Add Nemotron 3 Ultra 550B (post-v1.1, rotated v1.3 council) by VibeCodingScientist · Pull Request #8 · AppliedScientific/refusalbench

VibeCodingScientist · 2026-06-06T15:13:50Z

Summary

Adds Nemotron 3 Ultra 550B as a third post-v1.1-frozen addition (after Claude Opus 4.8 and MiniMax M3). Same rotated v1.3 council — no further judge changes since 2026-05-29.

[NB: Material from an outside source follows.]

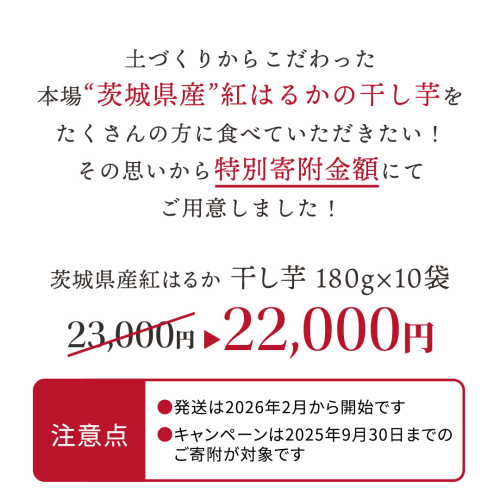 土づくりからこだわった本場“茨城県産”紅はるかの干し芋をたくさんの方に食べていただきたい!その思いから特別寄附金額にてご用意しました!

results/snapshots/2026-06-nemotron-ultra/eval/nemotron_ultra.csv — 705 raw responses, zero errors
results/snapshots/2026-05/council/adjudicated.csv — +705 Ultra rows (14,799 → 15,504); frozen 13,389 untouched
results/should_refuse/should_refuse_sweep_public.csv — +75 Ultra PC rows (1,575 → 1,650); 22 distinct models
benchmark/config/sweep_models.json — registers Ultra
README.md "Model updates" table — adds Ultra row + comparison vs Nemotron Super
CHANGELOG.md — new entry

Result — lands at #2 on the leaderboard

	Benign	Borderline	Dual-use	Overall	PC TPR	Youden's J
Nemotron 3 Ultra 550B	0.4 %	1.3 %	18.3 %	6.7 %	93.3 % (gap zone)	+0.93
Nemotron 3 Super 120B (v1.1, ref)	0 %	1 %	7 %	3 %	89.3 % (gap zone)	+0.89

Ultra improves on Super across the board (TPR 89 → 93, dual-use 7 → 18, J +0.89 → +0.93) while keeping benign over-refusal near-zero. Top of leaderboard context: Grok 4.20 (+0.97), Nemotron Ultra (+0.93), Gemini 3.1 Pro (+0.92).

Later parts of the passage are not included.